To reject the proposals in the Bill is not to say that this House is not in need of some reform. Indeed, the Bill of the noble Lord, Lord Steel, lists a number of reforms, all of which would or should be welcomed. The most urgent and important of these is the creation of a statutory appointments commission which would be responsible for all appointments to a life peerage and a consequential membership of this House. The commission should choose candidates from a publicly recognised range of experience and expertise with an agreed annual maximum number of appointments. Under present arrangements, there is no control on numbers of new appointments and consequentially no limit on total numbers in the Chamber. Following the exceptionally large number of recent new appointments, the House is definitely too large and one hopes that the excessive number of new appointments is not a deliberate tactic of those advocating an elected senate to weaken the present House.

There is no doubt that the present House of nearly 800 is too large and the Steel Bill suggests a system of voluntary retirement. While welcome in principle, I do not think that such a scheme could achieve the long-term reduction in membership that is required. In a sense, there is already a system of voluntary retirement in that a member may simply stop attending. I believe that a long-term reduction in existing membership can be achieved only by a system of compulsory retirement. This could be based either on the age of the Member or on period of service. Personally, I do not think age is the right choice. People age at different rates and I believe that the only fair and workable system would be a compulsory period of service for all Members which, in my view, should be 20 years.

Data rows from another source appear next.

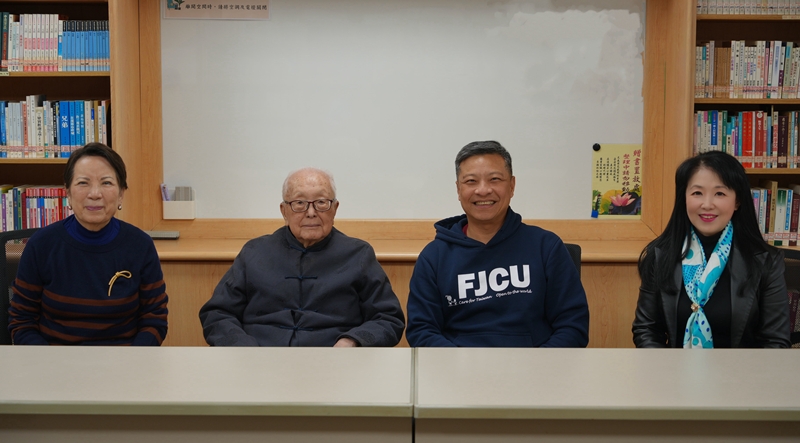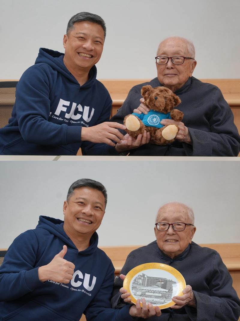 1月19日,藍易振校長親自前往拜訪高齡104歲的李育浩學長,代表學校頒贈輔大傑出校友獎狀、獎座,以及中美堂法蘭瓷紀念磁盤、百年校慶「仁和」領帶與絲巾等紀念禮品。李育浩學長在接過獎狀時,神情動容,頻頻表達對母校的感謝與感動。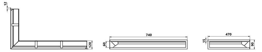 Tunelinės kampinės židinių konvekcinės grotelės 470 x 740 x 90 (120) RIGHT.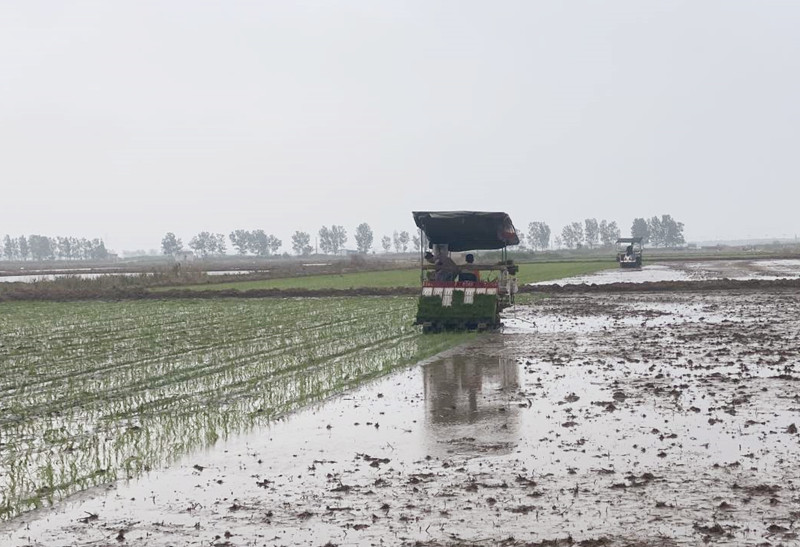 6月4日,大新農(nóng)場搶抓農(nóng)時(shí),全面開始水稻插秧工作,插秧機(jī)來回穿梭作業(yè),田間地頭一派忙碌景象。當(dāng)天,組織插秧機(jī)13臺,秧苗轉(zhuǎn)運(yùn)車6臺次,一天可以完成插秧作業(yè)550余畝。(王 璐)

Given a fixed period of service of 20 years it should be possible for a Member reaching 20 years and still performing a valuable role in the House to be given an extension of service of, say, one to five years on application, I suggest, to the Lord Speaker. Implementing such a 20-year period of service would need to be accompanied by agreement on an optimal total size of the House, which is probably around 300, and a phased programme of retirement for the 150 Members of the present House with a period of service in excess of 20 years.

A further reform in the Steel Bill is the ending of the electoral process for choosing replacements for the 92 hereditary Peers when they die. While I am lucky to be one of the 92, I do not think that heredity can any longer justifiably be on its own a qualification for membership of this House. These suggested reforms are readily implementable. The Bill which is the subject of this debate must be rejected. It is a waste of time and money to set up yet another commission to investigate its merits.

Finally, if the coalition decides to proceed with the Bill, it is a major constitutional issue and could not be introduced without a referendum. In last year’s election, the manifestos of all three parties called for an elected upper Chamber so the public have not yet had the chance to express a view. A referendum could be the last way left to defeat the Bill. The Bill before us must be rejected: reform, yes; abolition, no.